In their Aug. 27 filing, the states argued that while the federal government has the authority to set emissions limits, the rule outlines specific technologies, processes, and methods that the agency believes states must employ to achieve certain emission-reduction targets, among other requirements. The “EPA did not limit itself to its statutory role for existing sources and then leave it to the States to adopt appropriate standards of performance,” they said.

Furthermore the “rule’s ‘presumptive standards’ are onerous, imposing costs on the oil and gas industries that will—as even EPA admits—inevitably be passed onto consumers across the country,” the states wrote.

The EPA’s rule gives states, along with tribes that wish to regulate existing sources, two years to develop and submit their plans for reducing methane from existing sources.

The rule is aimed at reducing “methane and volatile organic compounds (VOCs) from new, modified, and reconstructed sources” and includes emissions guidelines for states to follow as they develop plans to limit methane emissions from existing sources, according to the agency.

The standards include a two-year phase-in period for eliminating routine flaring of natural gas from new oil wells and a one-year phase-in of zero-emissions standards for new process controllers and pumps outside of Alaska.

In the filing, the attorneys general said the agency “understood that, for many States, designing such plans from scratch in a two-year period would be impossible, given the sheer number and diversity of wells involved.”

“States need more than two years to complete this daunting regulatory task, otherwise they risk ’submittal of an inadequately prepared plan that EPA would have to review and reject, leading to unnecessary use of already limited resources.'”
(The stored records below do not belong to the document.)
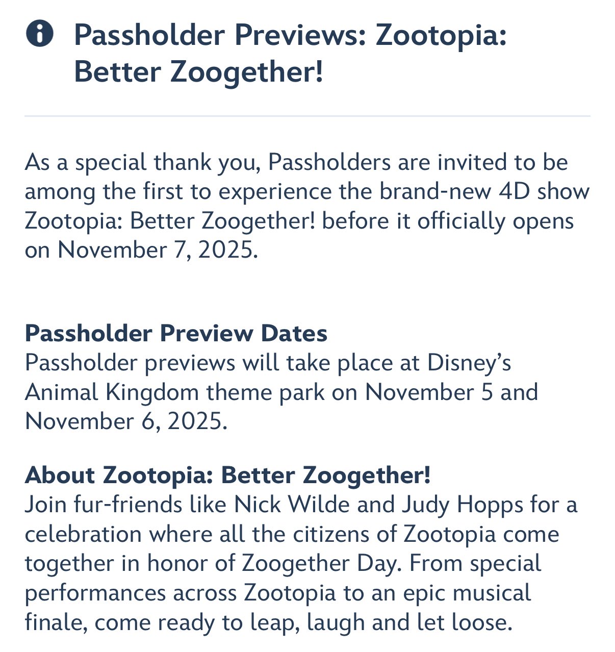 One of the ones we’re most excited about is the new Zootopia: Better Zoogether! show coming to the Tree of Life Theatre! This new show will debut on November 7th, along with a new meet and greet with Nick Wilde and Judy Hopps just outside the Tree of Life area, but we’ve wondered for a while if there will be any previews for Annual Passholders or DVC members. Now, we finally have our answer!
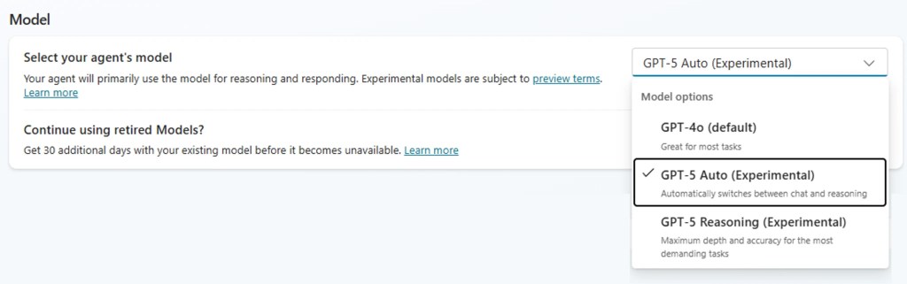 Certainly, what impressed me most is that in Copilot Studio we can now choose GPT-5 Auto: the agent will use GPT-5’s real-time router to select the right model—either the high-performance GPT-5 model or the deep reasoning model—allowing the agent to autonomously find the right balance between speed and planning.
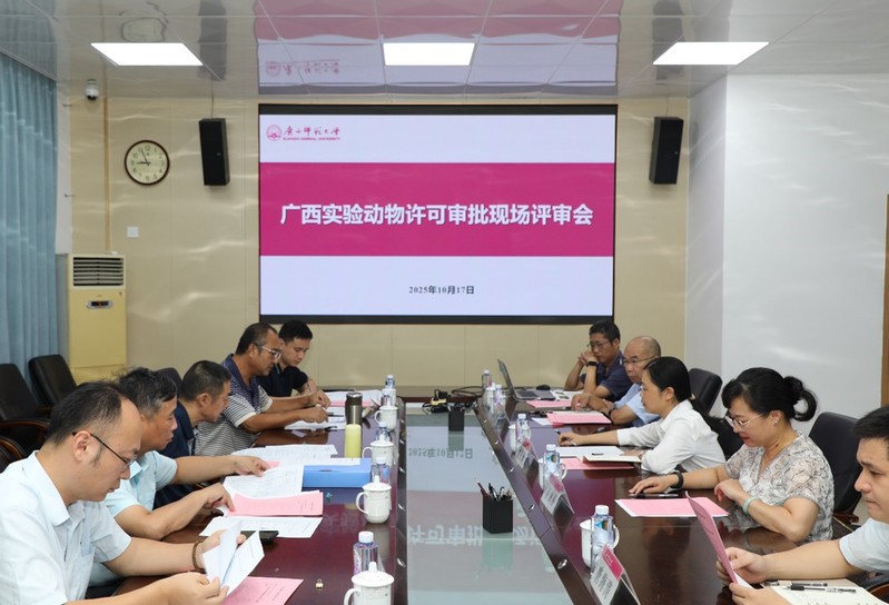 近日,广西实验动物管委会办公室组织评审专家组对我校实验动物中心实验动物使用许可进行了现场核验评审。评审专家组由自治区疾控中心、职业病防治研究院、灵康赛诺科生物科技有限公司及实验动物管委会办公室的五位资深专家组成。校党委常委、副校长沈星灿、科学技术处、化学与药学学院及实验动物中心相关负责人参与评审会。
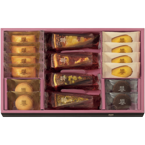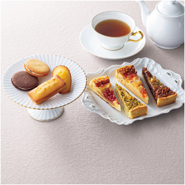 フィナンシェ4、マドレーヌ4、タルト・フリュイ4(フロマージュ・フレーズ、ピスタチオ・シトロン、ポム・ドゥース、ショコラ・マロン)、ラング・ド・シャ4(プレーン・チョコレート 各2)
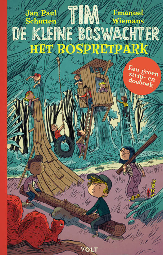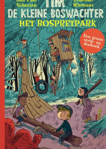 Een groen strip- en doeboek Wat een pech! Het schoolreisje kan niet doorgaan. De bus die iedereen zou brengen krijgt motorpech. Er is niet meteen een nieuwe bus beschikbaar, daarom wordt het schoolreisje afgelast. Gelukkig heeft Tim een plan. Hij legt samen met zijn vader een pretpark aan in het bos. Met schommels van banden die aan takken hangen, een reuzenwip gemaakt van een omgevallen boom, Remy die een kar trekt, een superhoge klimboom, een huttenbouwwedstrijd en heel veel andere spelletjes. Voor wie niet genoeg van Tim de kleine boswachter kan krijgen is er nu dit speelse strip- en doeboek. Het stripverhaal over het nieuwe bospretpark van Tim wordt afgewisseld met zoekplaten, een quiz, een afmaakverhaal en tekenopdrachten. Meer Tim, meer bos, meer pret!
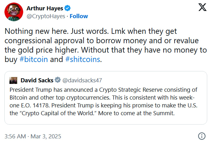 Не все в индустрии восприняли заявление Трампа всерьез. Артур Хейес, сооснователь BitMEX и глава Maelstrom Fund, считает, что без одобрения Конгресса инициатива ничего не значит.
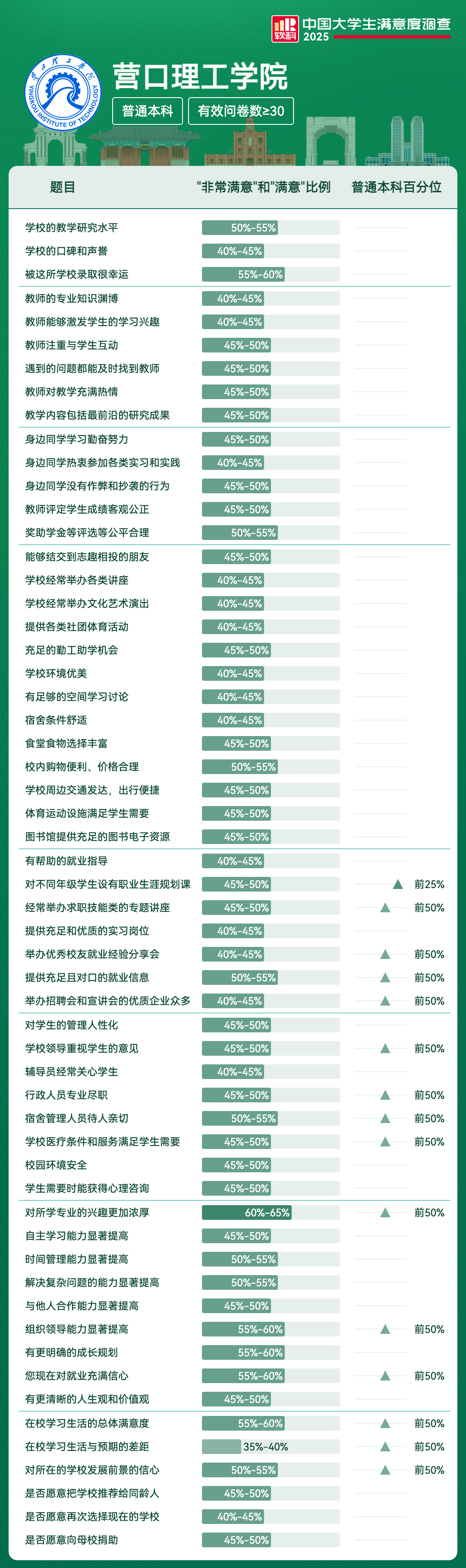 | 提供充足且对口的就业信息 | 50%-55% | 前50% |
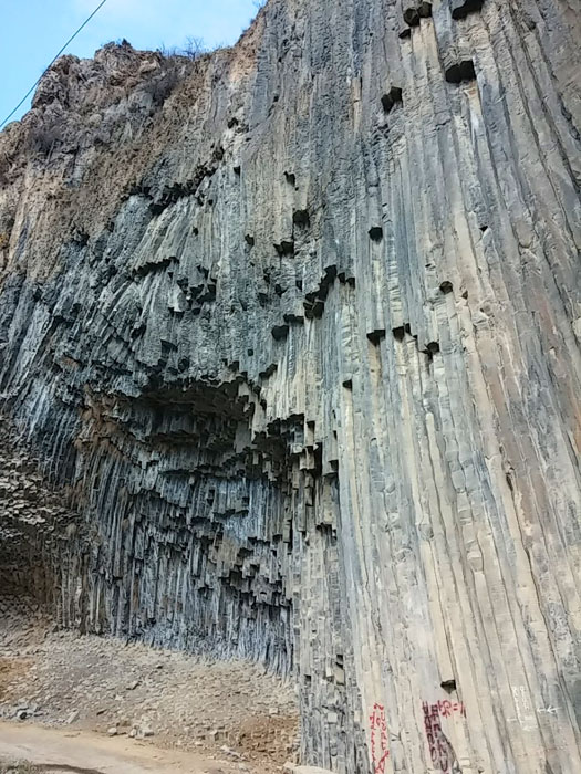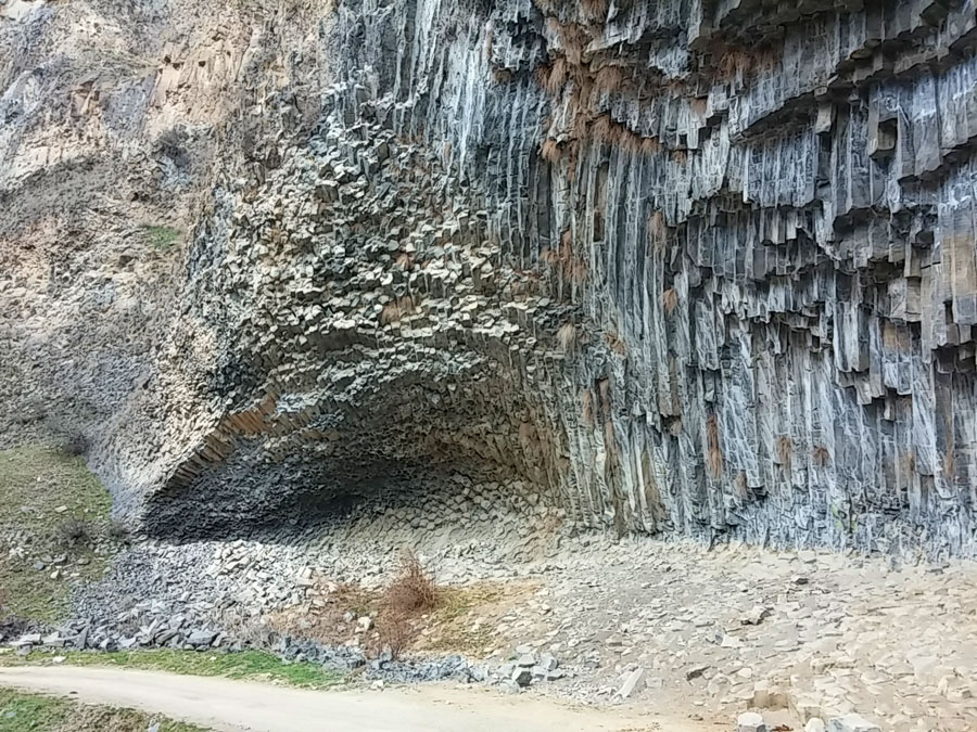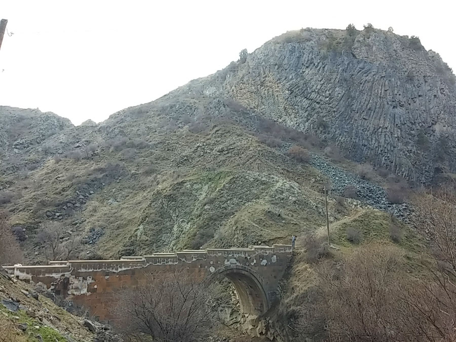 Al final del camino volveremos a encontrarnos con el cartel Khosrov Forest - State Reserve, pero esta vez no seguiremos recto sino que iremos a la derecha (F. 10). Bajamos por el camino de tierra (F. 11) y después encontraremos un puente medieval (F. 12/13) restaurado. En el camino veremos a la derecha la primera zona de interés de la ruta la espectacular Sinfonía de las Piedras (F. 14/15/16/17). Seguimos avanzando en el camino (F. 18) y podemos divisar el Templo de Garni a lo lejos en la cima de la colina (F. 19). Aquí es donde en principio hay el sendero que nos conduciría al templo pero que encontramos cerrado por unas vallas azules. (F. 20).

The attorneys general argued that enforcing the rule would also limit the authority of states to establish their own standards for regulating methane and VOC emissions from existing facilities.

“That harms the public interest in the cooperative-federalism regime in the Clean Air Act, generally, and Section 111(d), specifically,” the states argued.

According to the EPA, oil and natural gas operations are the largest industrial source of methane pollution in the United States, and describe methane is a “super pollutant.”

Reducing methane emissions is a “crucial addition to cutting carbon dioxide in slowing the rate of warming of Earth’s atmosphere,” the agency has said.

The EPA’s rules will cut methane emissions from oil and gas operations by nearly 80 percent through 2038 and avoid 16 million tons of smog-forming VOC emissions and 590,000 tons of air toxics, according to the agency.

Additionally, the agency estimates the rules will result in “net climate and ozone health benefits” of $97 to $98 billion dollars from 2024-2038, or the equivalent of $7.3 to $7.6 billion a year, after accounting for the costs of compliance and savings from recovered natural gas.

An appeals court in Washington in July denied a request by the states to put the new methane regulations on hold while their legal challenge plays out in court, prompting them to ask the nation’s highest court.

The Epoch Times has contacted an EPA spokesperson for comment.